BEGIN Input data

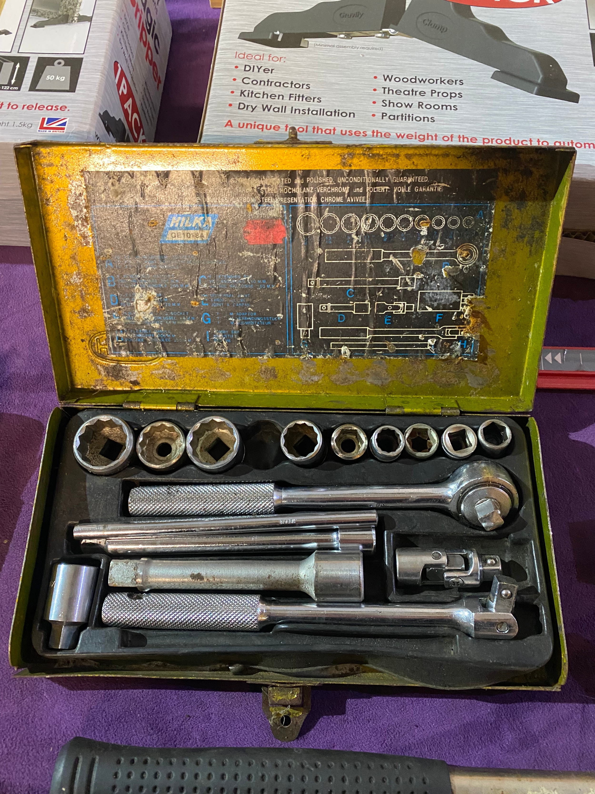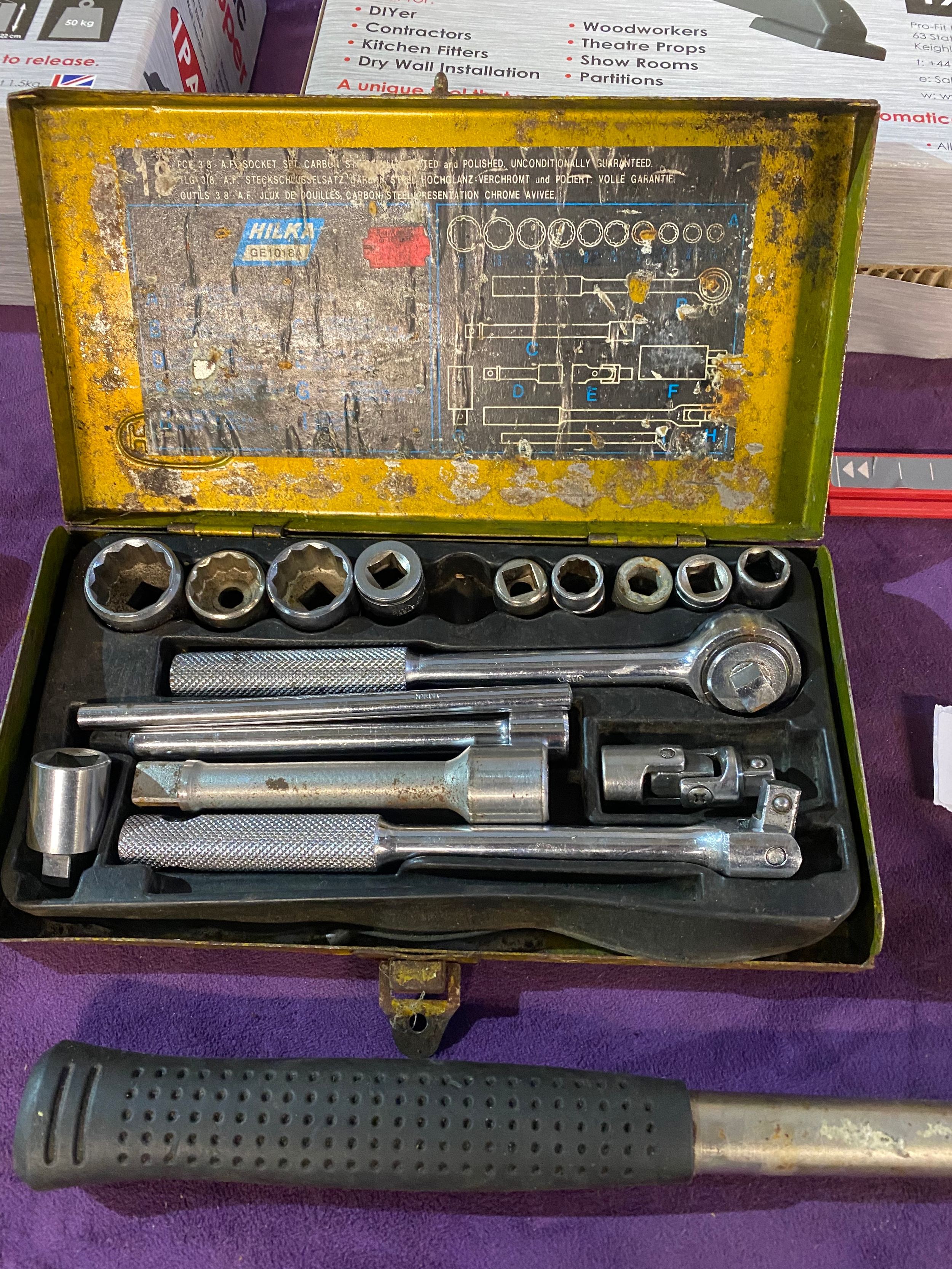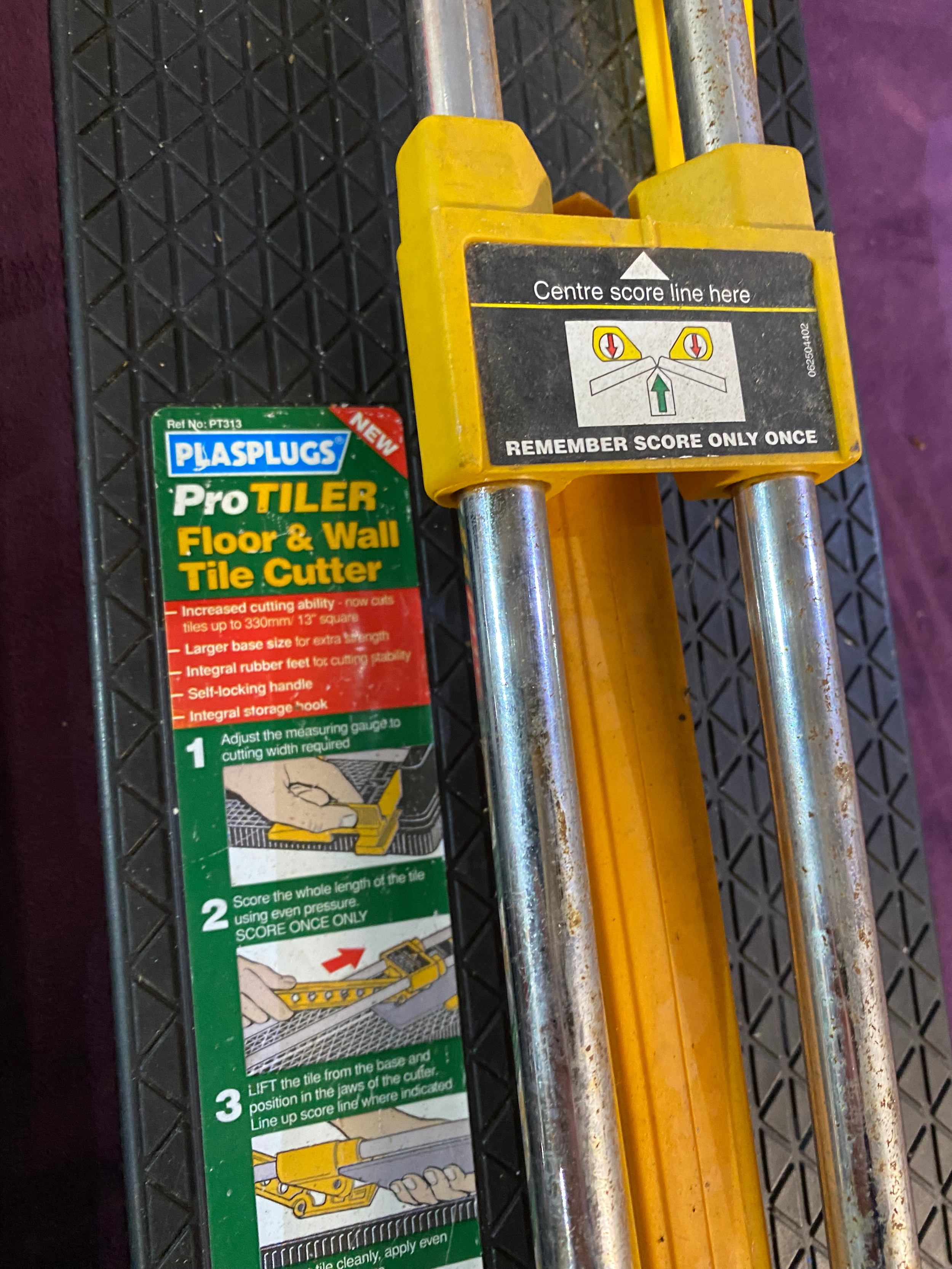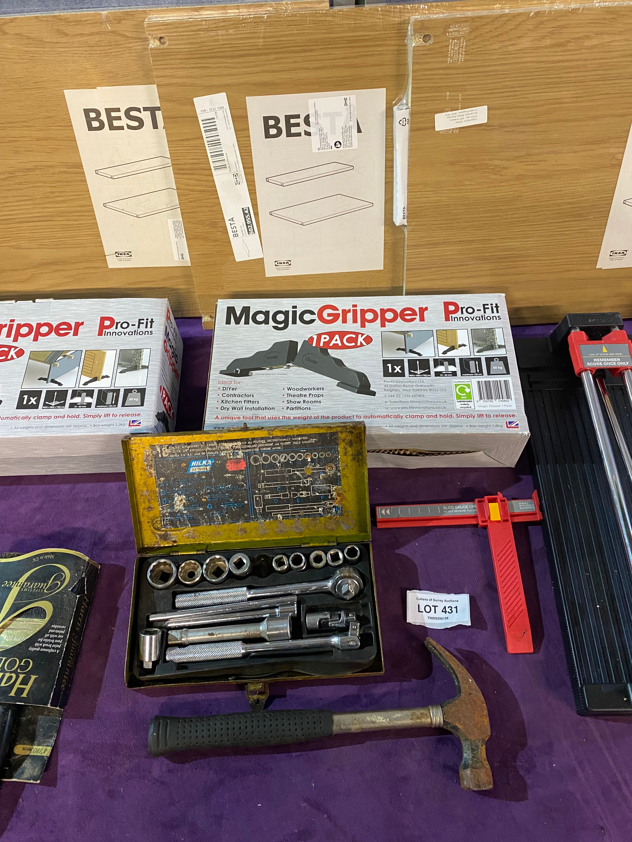Two Magic gripper sets, Two Harris gold paintbrushes, 2 tile cutting tools and some Ikea Besta Shelves
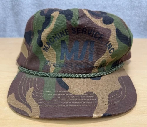 Vintage 80s Machine Service Inc. Camo Trucker SnapBack San Sun Adjustable Hat
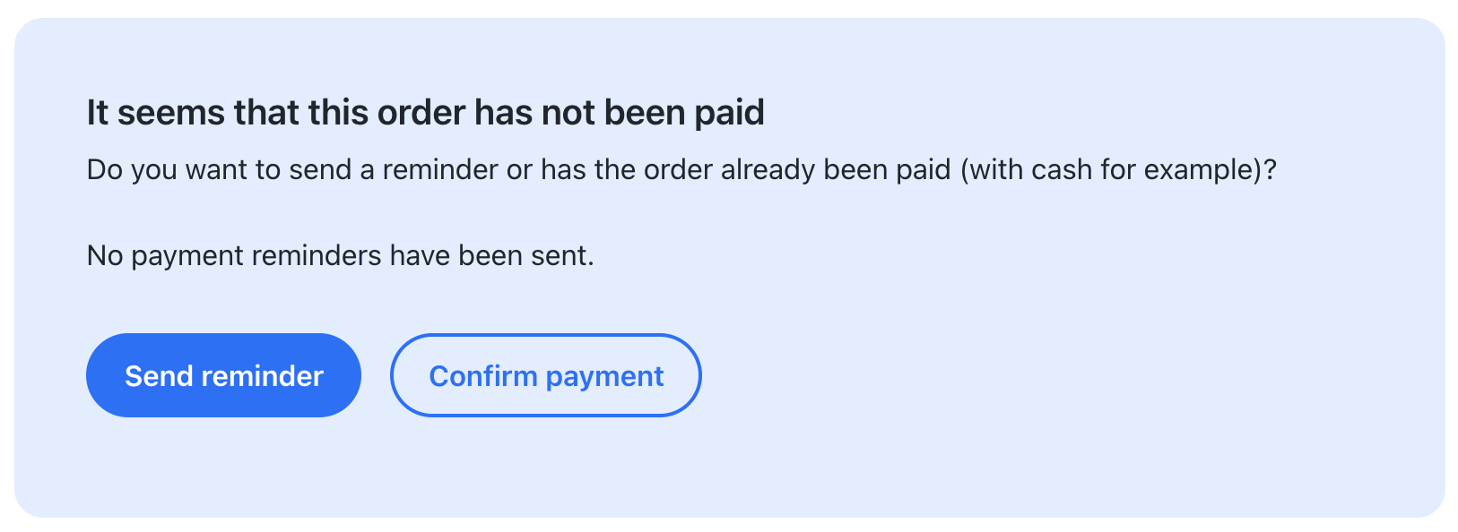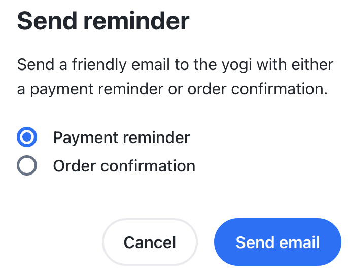 - You have the option to either send a payment reminder or an order confirmation. The order confirmation does not include a payment link, while the payment reminder will include a link for the yogi to complete the payment.
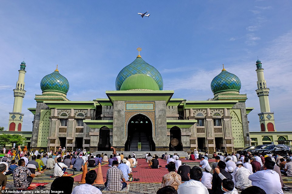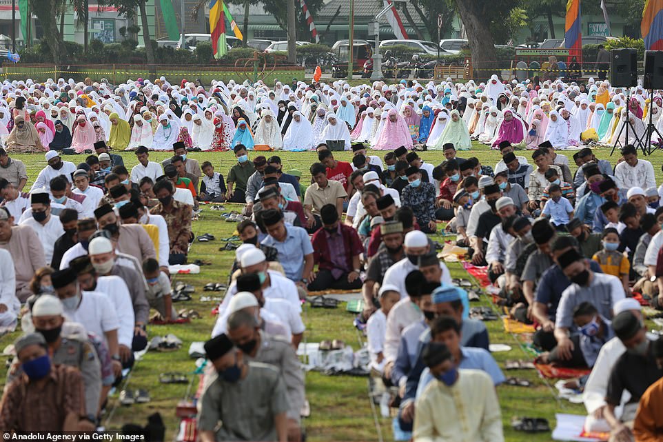 MEDAN, INDONESIA: People wearing masks and prayer caps attend prayers at Merdeka Square in Binjai this morning
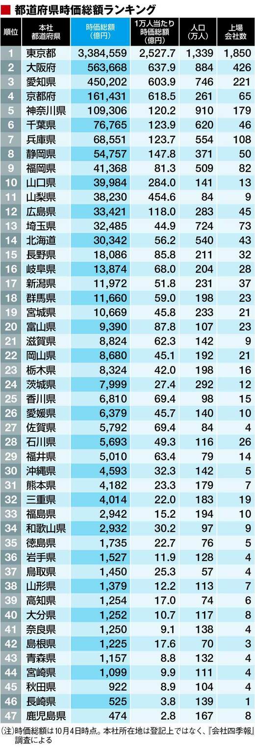 政治・経済・投資 意外!「都道府県の企業時価総額」ランキング 山口と山梨が上位、鹿児島が最下位のワケ 2分で読める 公開日時:2016/10/09 06:00 丸山 尚文 東洋経済 記者 フォロー 1/2 PAGES 2/2 PAGES
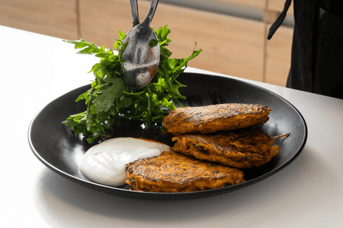 Carrot pancakes with salted yogurt
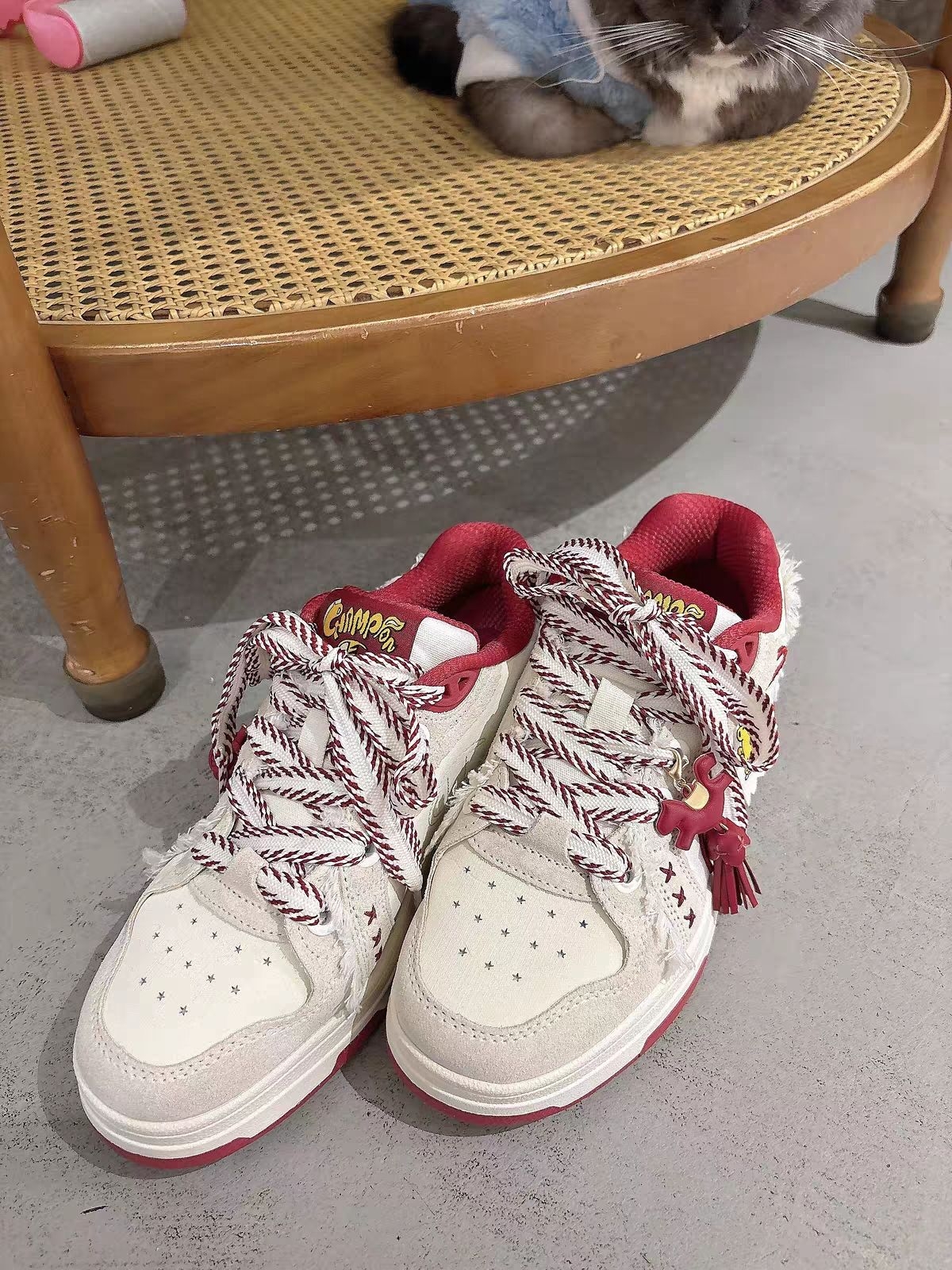 这双红白撞色樱桃板鞋真的太会了!奶白+酒红的配色,温柔又显白,毛边设计自带慵懒氛围感,红白编织鞋带一系,复古感直接拉满~ 上脚软乎乎的,走路久了也不磨脚,配牛仔裤、百褶裙都超绝,甜妹和酷妹都能轻松hold住!鞋柜里缺一双百搭神鞋的姐妹,闭眼冲就对了✨

END Input data

Problem statement ->
When you return the records, keep every word unchanged and drop the pictures.

Exercise result ->
Two Magic gripper sets, Two Harris gold paintbrushes, 2 tile cutting tools and some Ikea Besta Shelves
 Vintage 80s Machine Service Inc. Camo Trucker SnapBack San Sun Adjustable Hat
 - You have the option to either send a payment reminder or an order confirmation. The order confirmation does not include a payment link, while the payment reminder will include a link for the yogi to complete the payment.
 MEDAN, INDONESIA: People wearing masks and prayer caps attend prayers at Merdeka Square in Binjai this morning
 政治・経済・投資 意外!「都道府県の企業時価総額」ランキング 山口と山梨が上位、鹿児島が最下位のワケ 2分で読める 公開日時:2016/10/09 06:00 丸山 尚文 東洋経済 記者 フォロー 1/2 PAGES 2/2 PAGES
 Carrot pancakes with salted yogurt
 这双红白撞色樱桃板鞋真的太会了!奶白+酒红的配色,温柔又显白,毛边设计自带慵懒氛围感,红白编织鞋带一系,复古感直接拉满~ 上脚软乎乎的,走路久了也不磨脚,配牛仔裤、百褶裙都超绝,甜妹和酷妹都能轻松hold住!鞋柜里缺一双百搭神鞋的姐妹,闭眼冲就对了✨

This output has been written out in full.